New HIV/AIDS Task Force Launched in Malaysia To Focus on Prevention Among Women
Although health officials in Malaysia are recording fewer new HIV/AIDS cases this year, more women are living with the disease, prompting the Ministry of Health to launch an education-focused task force to bolster prevention efforts aimed at women in the country, the New Straits Times reports (Yeow, New Straits Times, 12/17). The task force will focus on implementing mechanisms and strategies recommended by the World Health Organization to educate women about HIV/AIDS with a focus on prevention, Bernama Daily Malaysian News reports. The ministry's efforts to create awareness among women about prevention and safer-sex practices will be "intensified," according to Health Minister Datuk Liow Tiong Lai (Bernama Daily Malaysian News, 12/16). Some of the measures that the task force will implement include distribution of no-cost condoms among sex workers and HIV tests for couples prior to marriage. Lai said, "The Health Ministry strongly recommends that couples go for screening tests before getting married" (New Straits Times, 12/17).

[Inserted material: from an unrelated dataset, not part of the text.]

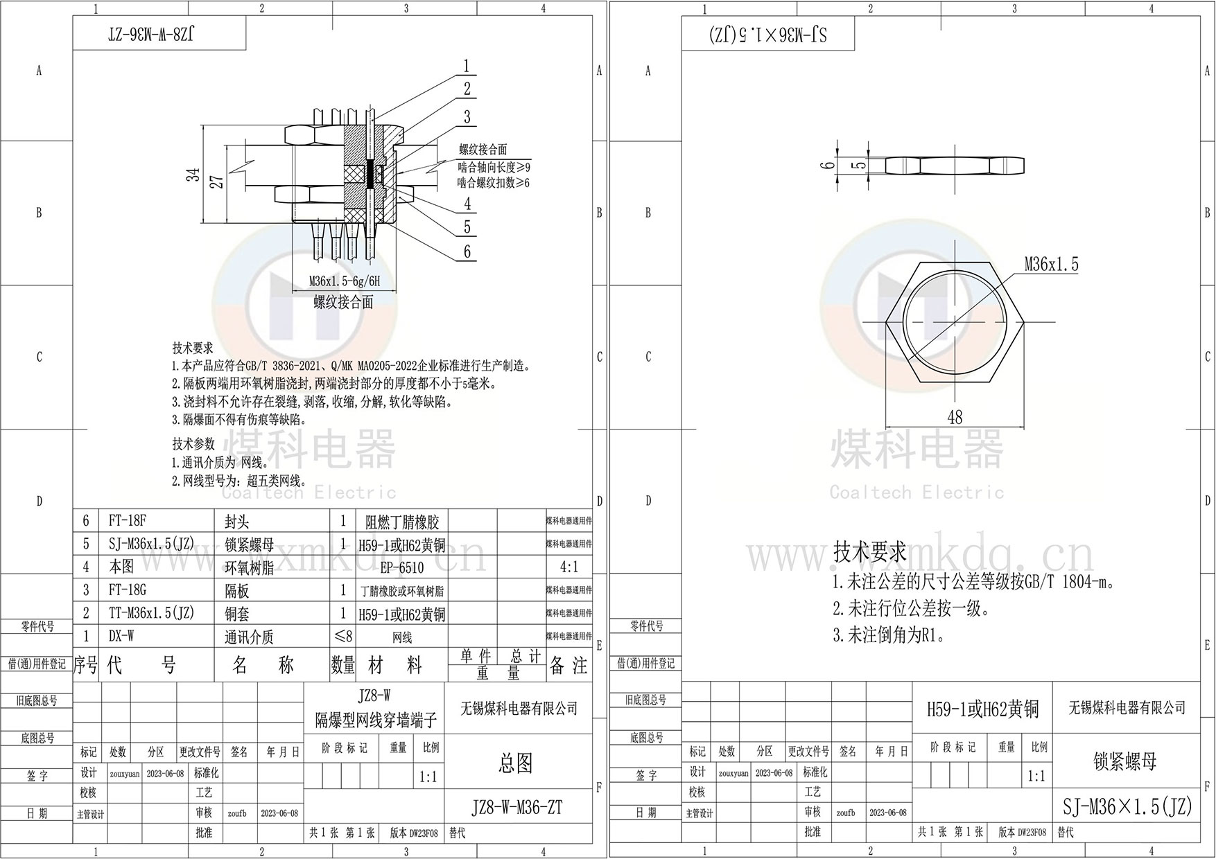 (1)隔爆面安装铜套;(2)芯数;(3)网线规格以及是否需要水晶头;(4)上端(法兰侧)预留多长;(5)下端(锁紧螺母侧)预留多长。

Women accounted for 16.3% of the 80,938 new HIV cases recorded in Malaysia last year, and Lai called the trend "increasingly worrying" (Bernama Daily Malaysian News, 12/16). According to health ministry data, 75% of new cases among women occurred in women ages 20 to 39, and 60% of the women were married (New Straits Times, 12/17). In addition, 70% of women living with HIV contracted the disease through heterosexual contact (Bernama Daily Malaysian News, 12/16).
In the last nine months, 2,589 new HIV cases were reported in the country compared with 4,549 new cases reported last year. Lai said that if the decline continues, Malaysia will be ahead of schedule in meeting the HIV/AIDS targets in the United Nations Millennium Development Goals (New Straits Times, 12/17).